03 de Janeiro de 2018 - 05h00 0 comentário(s) Corrigir A + A -

Por: Luciano Barros
Presidente do Instituto de Desenvolvimento Econômico e Social de Fronteiras

Em 2017 o Brasil conquistou mais um triste recorde: se tornou o maior mercado mundial de cigarros ilegais, que hoje respondem por cerca de 48% de todos os cigarros vendidos. Há apenas seis anos o volume total deste mercado girava em torno de 20%. Nenhum outro setor da economia, legal ou ilegal, apresentou crescimento semelhante no mesmo espaço de tempo.

Entre os principais motivadores deste crescimento está o exagero na dosagem de medidas que tinham como objetivo reduzir o consumo de cigarros no Brasil, mas que tiveram o efeito perverso de estimular o crescimento do mercado ilegal. O aumento de impostos promovido em anos recentes criou o cenário perfeito para a entrada de organizações criminosas neste mercado, que chega a ser tão ou mais lucrativo do que o tráfico de drogas, mas com riscos infinitamente menores, já que as penas para quem for flagrado contrabandeando cigarros são muito curtas.

O Brasil já viveu momentos semelhantes no passado, e conseguiu solucionar o problema. Entre os anos 1980 e 1990 a única forma de adquirir um computador moderno a preços acessíveis era buscar o mercado informal, na forma dos famosos “PCs Frankenstein”, montados por empresas que traziam ilegalmente os componentes do Paraguai.
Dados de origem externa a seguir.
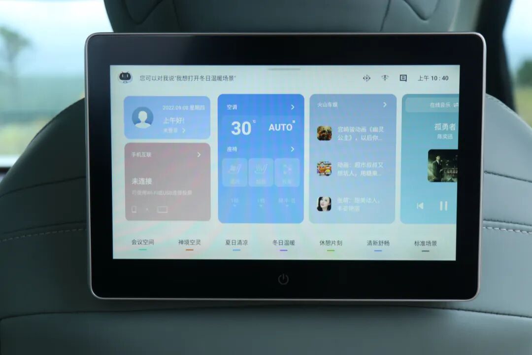 扶手上的屏幕除了控制座椅功能调节外,还支持变换7种模不同模式,例如“小憩模式”启动,座椅即刻切换角度,关灯、关窗,保持25℃恒温等,仿佛置身VIP休息室;在夏季开启“清凉模式”,关窗、调低空调温度、开启座椅通风等。
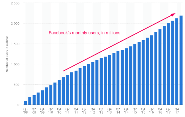 You’re going to hear a great deal about the tech sector going forward and especially since it is so dramatically outperforming the Dow Industrial Average. Terms like dotcom, bubble and bubblicisiousness will be thrown around by the permabears to describe the divergence and dramatic outperformance of the Nasdaq when compared to the Dow. While it’s the job of the permabears to %^#!, whine and complain about tech sectors surge to all-time highs and some of the incredible price-to-earnings multiples, that’s the way it’s supposed to be. The bottom line is that the current composition of the tech sector is nothing like that from the dotcom bubble. The earnings are real for today’s technology titans that contribute to the Nasdaq’s outperformance. The sales are that much more relevant. Companies like Facebook, Netflix, Amazon and Alphabet dominate our world and continue to see magnificent growth rates. Look at the chart of Facebook’s ever-growing user base below that underlines its tremendous sales and earnings growth.
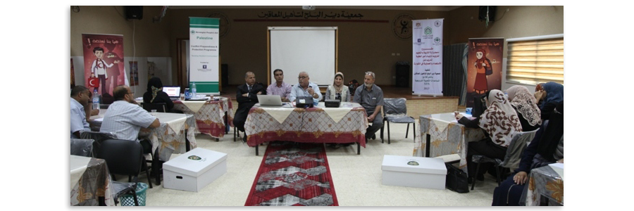 و عقدت وزارة التربية والتعليم العالي في مقر جمعية دير البلح دورة تدريبية لمدة 4 أيام استهدفت 85 معلماً ومعلمة ومنسق صحة من مختلف المدارس الحكومية لتدريبهم على عدة مفردات في مجال الحماية من الكوارث، وسيقوم هؤلاء المعلمين بتدريب أولياء الأمور كل في مدرسته في تدريب سيبدأ خلال الأسبوع المقبل ويستمر في الفصل الدراسي الحالي و ذلك بعد توجيه دعوات من المدارس لأولياء الأمور.
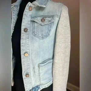 This unique jacket from Anthropologie's Pilcro collection features sweatshirt sleeves and embroidered accents, adding a touch of personality to your wardrobe. The jacket is made of high-quality cotton denim and has a button closure. It is a basic jacket style, with a blue color that will complement any outfit.
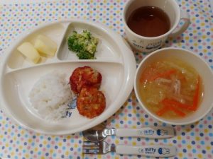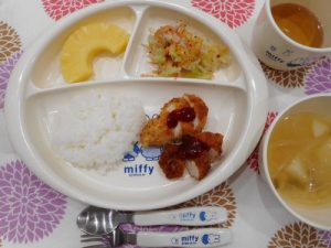 ☆3月14日(水)☆ ・ご飯 ・チキンカツ ・じゃがいもみそ汁 ・ゆかりあえ ・パイン缶
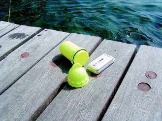 灣海洋公園救生員林垣銓27日中午撈撿海水池里的垃圾雜物,發(fā)現(xiàn)一個膠囊型防水盒;洗去油污后打開,內(nèi)有一支手機,手機沒有浸到水只是沒電。
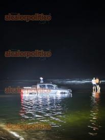 Camioneta queda dentro del agua en playa de Chachalacas
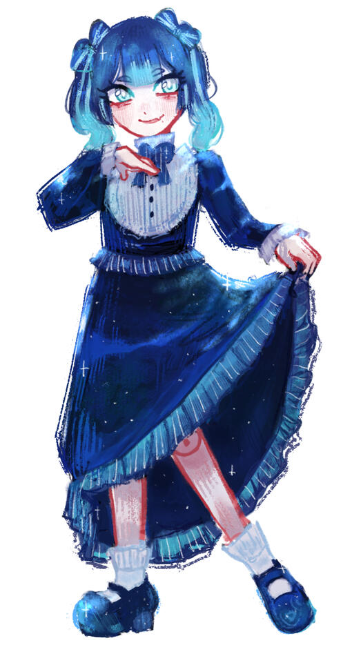 i'm a french neurodivergent artist who has a big heart full of love for games, horror and idols ദി_ .̫ _ᐡ꒱ i also really like bluemy sona / representative character is called Lune ! ( moon in french ) she's the character you'll most likely see the most on my account 🩵Lune is a life sized doll who has a living cat plush called "Miaou" ( french for meow )
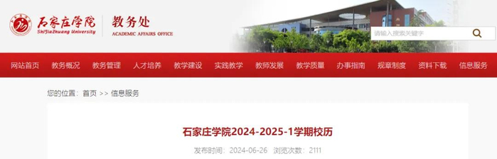 2024年8月25日全体老生返校报到,8月26日上课。新生报到时间另行通知。
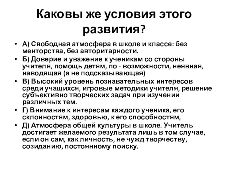 Д) Атмосфера общей культуры в школе. Учитель достигает желаемого результата лишь в том случае, если он сам, как личность, не чужд творчеству, созиданию, постоянному поиску.
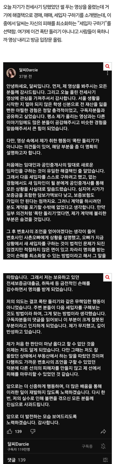 다 알았으면서 해명문에는 몰랐다는 식으로 말하는게 ㅈㄴ.... 본인이 당했으면 얼마나 힘들고 ㅈ같은지 알텐데 다른 사람한테 폭탄 넘기고 본인만 살려고 하는데 진짜 정떨ㅋㅋㅋ... 전세사기범이랑 다를게 뭐가 있음
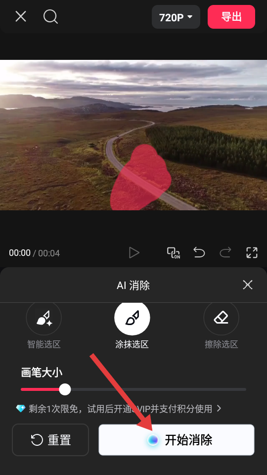 4、选好消除区域后,点击【开始消除】,剪映就会利用AI技术对所选区域进行消除,完成后可查看效果啦。
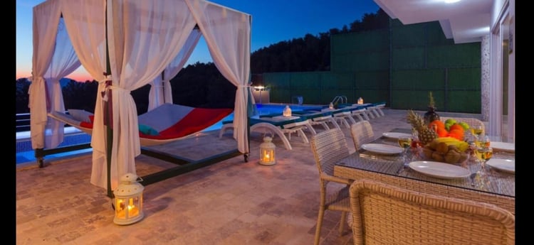 Villa Alvin, Kalkan İslamlar bölgesinde konumlanmakta olan panoramik deniz ve yeşilliklerle kaplı doğa manzarasına hakim kiralık villalarımız arasında yer almaktadır. Lüks ve modern bir şekilde dizayn edilen villamızda 3 adet yatak odası bulunmakta olup, 6 kişiye konaklama imkanı sağlamaktadır. Yatak odalarından iki tanesinin içerisinde tüm yılın vermiş olduğu yorgunluğu giderebileceğiniz jakuzi yer almaktadır. Havuz ve havuz terası korunaklı hale getirilen yazlık villamızı muhafazakar aileler gönül rahatlığı ile tercih edebilirler. Her bir detayın en ince ayrıntısına kadar düşünüldüğü yazlık villamızı geniş aileler ve arkadaş grupları rahatlıkla tercih edebilirler. Hayallerinizin de ötesinde keyif dolu bir yazlık villada tatil için Villa Alvin’ i tercih edebilirsiniz.
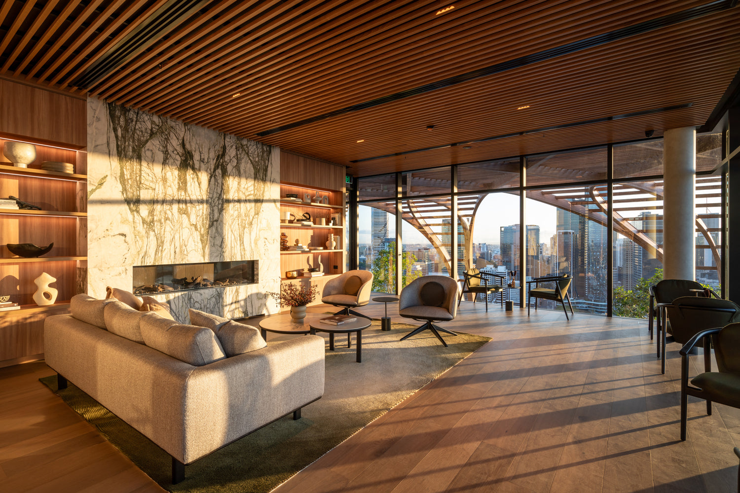 Featuring the Otway sofa, Upper House draws inspiration from the natural shapes found in the Daintree Rainforest. Nestled just moments away from the vibrant Southbank cultural precinct, this development is strategically oriented to embrace the captivating Brisbane skyline.
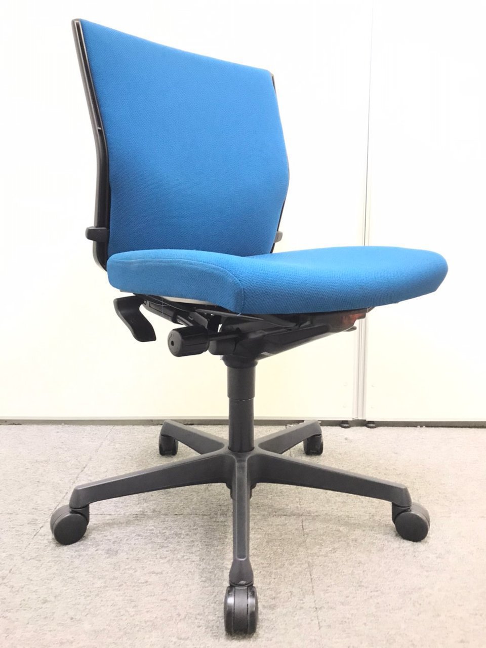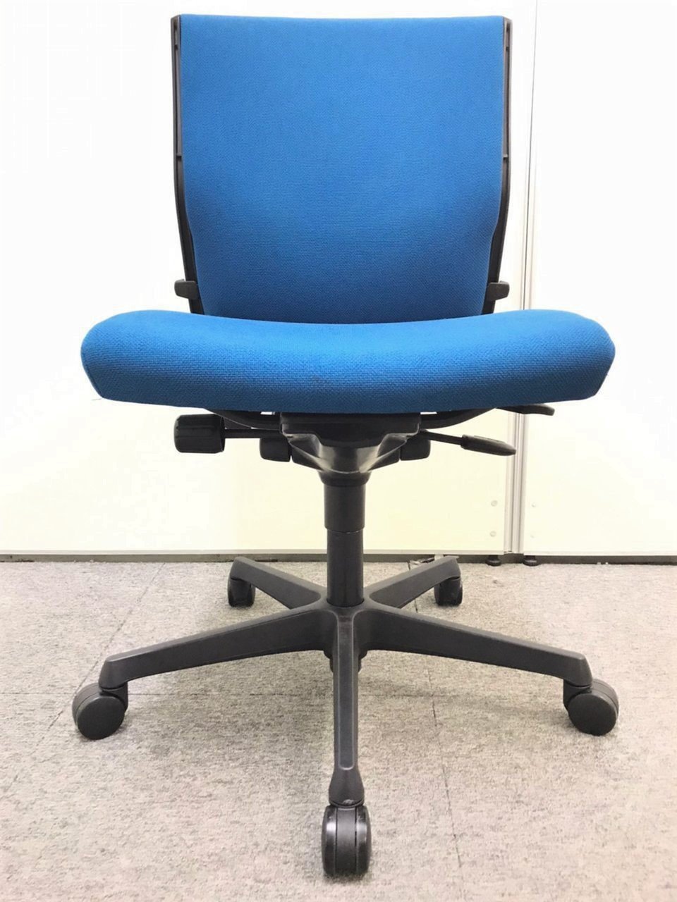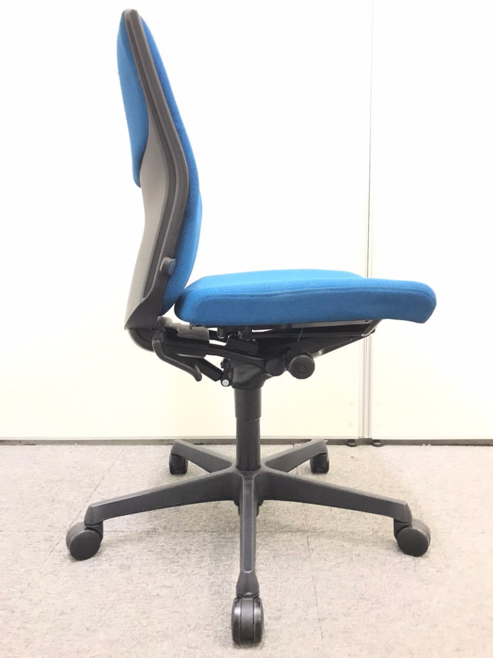 オカムラ製 エスクード 肘無しローバックチェア ブルー色 グレーシェル 【在庫入替品】コスパ抜群 おすすめ
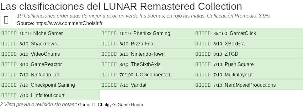 Entre estas pruebas de sitios de Internet y revistas especializadas en Videojuego, 19 dieron una calificación y obtenemos una calificación promedio de 3.9/5 para este producto LUNAR Remastered Collection.
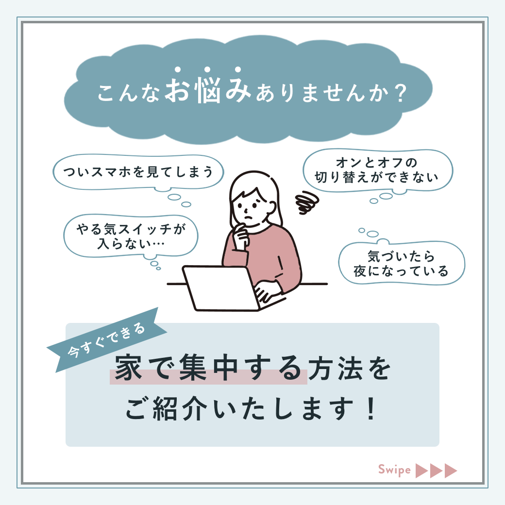ミレニアムライフコーチングカンパニーであるSHE株式会社様のSHElikes公式InstagramおよびTwitterで投稿するSNSバナーを制作しました。 『今こそ知りたい!自宅で集中する方法』をテーマに、企画立案からデザイン(バナー制作)まで行いました。

Um estudo do Instituto de Desenvolvimento Econômico e Social de Fronteiras (Idesf) mostra que mudanças na política tributária do setor promoveram a redução no volume de computadores contrabandeados apreendidos ao mesmo tempo em que expandiram a produção e a comercialização de produtos legais no Brasil.

O cigarro passa hoje por um momento semelhante. Com impostos que podem chegar a até 80% em alguns estados, os fabricantes brasileiros têm de conviver com o Paraguai, país que taxa o setor em apenas 16%.

Precisamos nos livrar do problema do contrabando, não só de cigarros, mas em todas as suas frentes. O Brasil que nós queremos para o futuro não pode mais conviver com esta realidade que prejudica a saúde dos brasileiros, retira recursos financeiros dos governos, contribui para a escalada na violência e estimula o desemprego no país. É hora de agir!